# Japanese Azalea Garden, Daikozenji



## KyushuCalanthe (Apr 30, 2010)

Yesterday my girlfriend, her friend, and I went to a shrine that is best known for its azaleas and maples. The shrine is on the slopes of a small mountain and is literally covered in planted azaleas. Needless to say, when in flower it is an awe inspiring sight, however due to the continued cold weather we've been experiencing, only about 40% of the buds were open. The garden was ablaze with other things, as you'll see.

Here's a pretty typical view of garden - thousands of azaleas with a subcanopy of maples overhead, and an overstory of hinoki cypress. 
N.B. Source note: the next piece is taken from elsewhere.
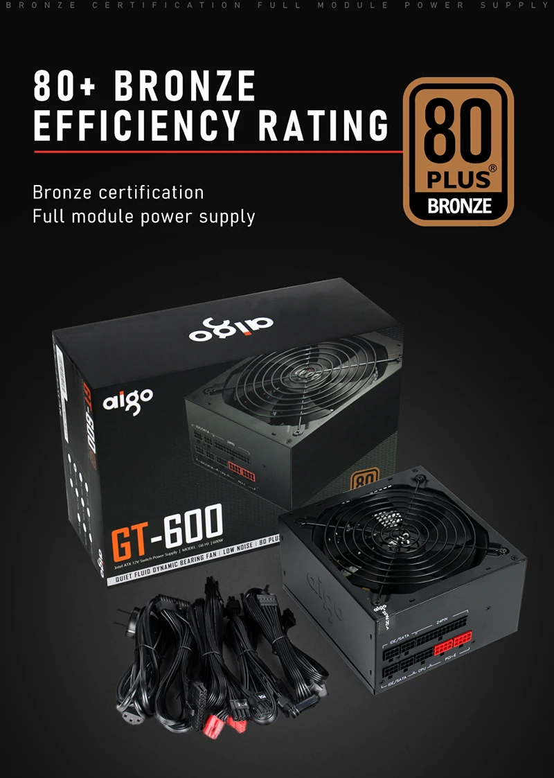 Aigo PC блок питания 600 Вт полностью модульный 80 плюс источник питания 100-240 в активный игровой блок питания ATX 12 В PFC 24Pin компьютерный блок питания

Flowers are the main attraction to the garden. Here is an azalea that caught my eye, plus a lovely _Calanthe_, possibly _C. discolor_, but more likely a hybrid with that species.









The whole _Calanthe_ clump. Very nice coloring on this baby.
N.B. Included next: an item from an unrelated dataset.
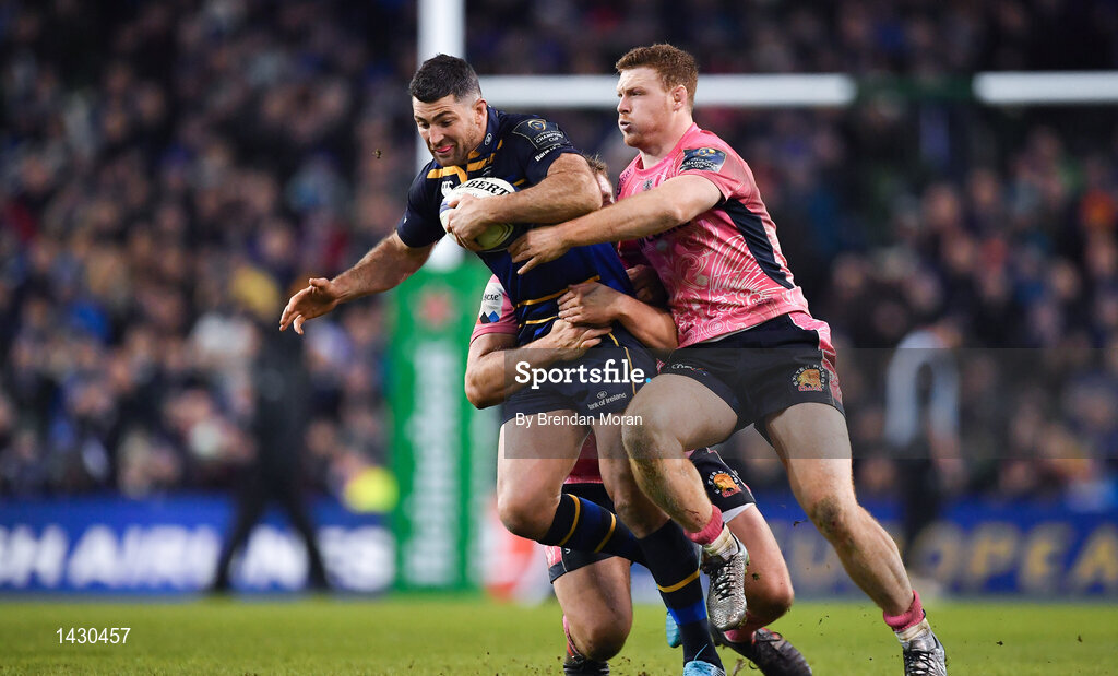 16 December 2017; Rob Kearney of Leinster is tackled by Tomas Francis, behind, and Sam Simmonds of Exeter Chiefs during the European Rugby Champions Cup Pool 3 Round 4 match between Leinster and Exeter Chiefs at the Aviva Stadium in Dublin. Photo by Brendan Moran/Sportsfile

Maples of all varieties abounded. Here is a lovely red form. The conifers in the background are hinoki cypress (_Chamaecyparis obtusa_) and sugi (_Cryptomeria japonica_).
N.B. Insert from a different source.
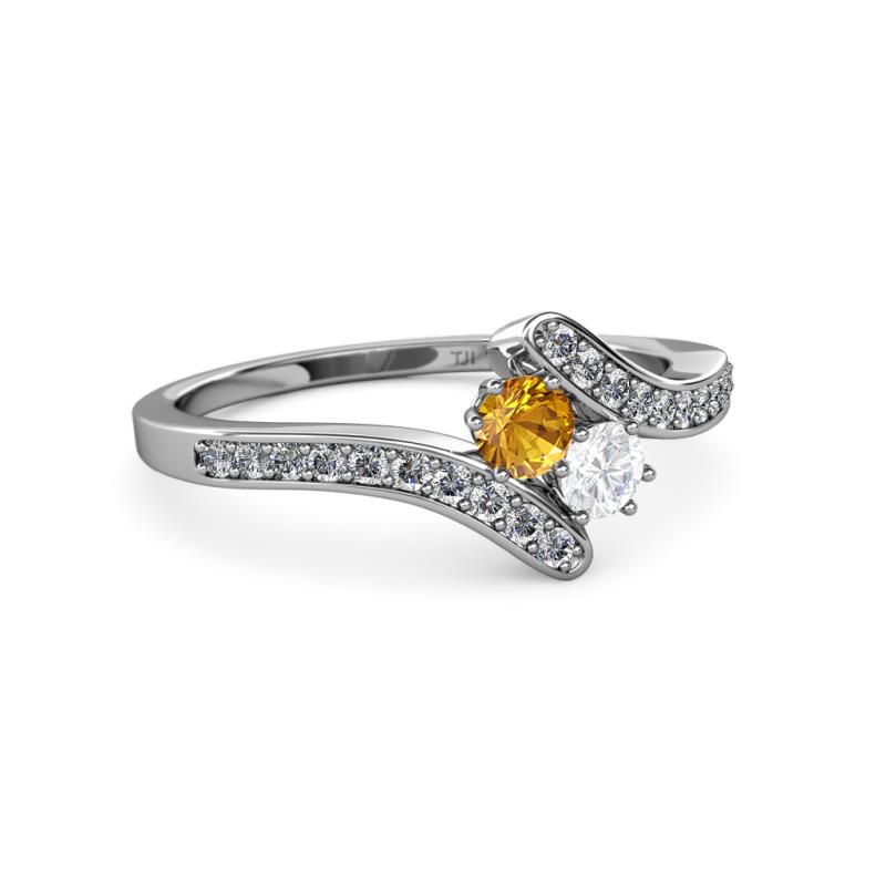 Citrine and White Sapphire 2 Stone with Side Diamonds Womens Bypass Engagement Ring 0.69 ctw 14K White Gold More Details ...

The core of the garden is a lovely cove forest of older hinoki and sugi with lots of amazing maples. On a sunny day this place is just heaven on earth. Lucky us, it was a sunny, cool day!






Within this cove forest garden were several traditional design houses you can rent for private parties. Pretty beautiful stuff. Partying in the garden! Pricey, I'm sure.


----------



## parvi_17 (Apr 30, 2010)

I love seeing all your photos of Japan! They make me want to live there.


----------



## JeanLux (Apr 30, 2010)

Very nice pics of those maples, azalea blooms and of course calanthe!!! I like all of these a lot!!! Thanks Tom!!! Jean


----------



## etex (Apr 30, 2010)

Awesome scenery and great blooms! The calanthe and the eye-catching azalea are amazing! Great photos! Thanks, Tom for showing us this beautiful and serene place!


----------



## Dido (Apr 30, 2010)

Nice pictures as always. 

Like the Calanthe, hope one of my ones get so big one day.


----------



## Lanmark (Apr 30, 2010)

For a very long time I've wanted to live in Japan. Your photos show the parts of Japan which make me feel this way.


----------



## Hera (Apr 30, 2010)

Enchanting!!


----------



## SlipperFan (Apr 30, 2010)

I've always been amazed at how beautifully "put-together" Japanese gardens are.


----------



## goldenrose (May 1, 2010)

:drool::drool::drool:


----------



## biothanasis (May 1, 2010)

Very beautiful scenery and great shots!! Thank you Tom!!


----------



## KyushuCalanthe (May 1, 2010)

Glad you all enjoyed the shots.



Lanmark said:


> For a very long time I've wanted to live in Japan. Your photos show the parts of Japan which make me feel this way.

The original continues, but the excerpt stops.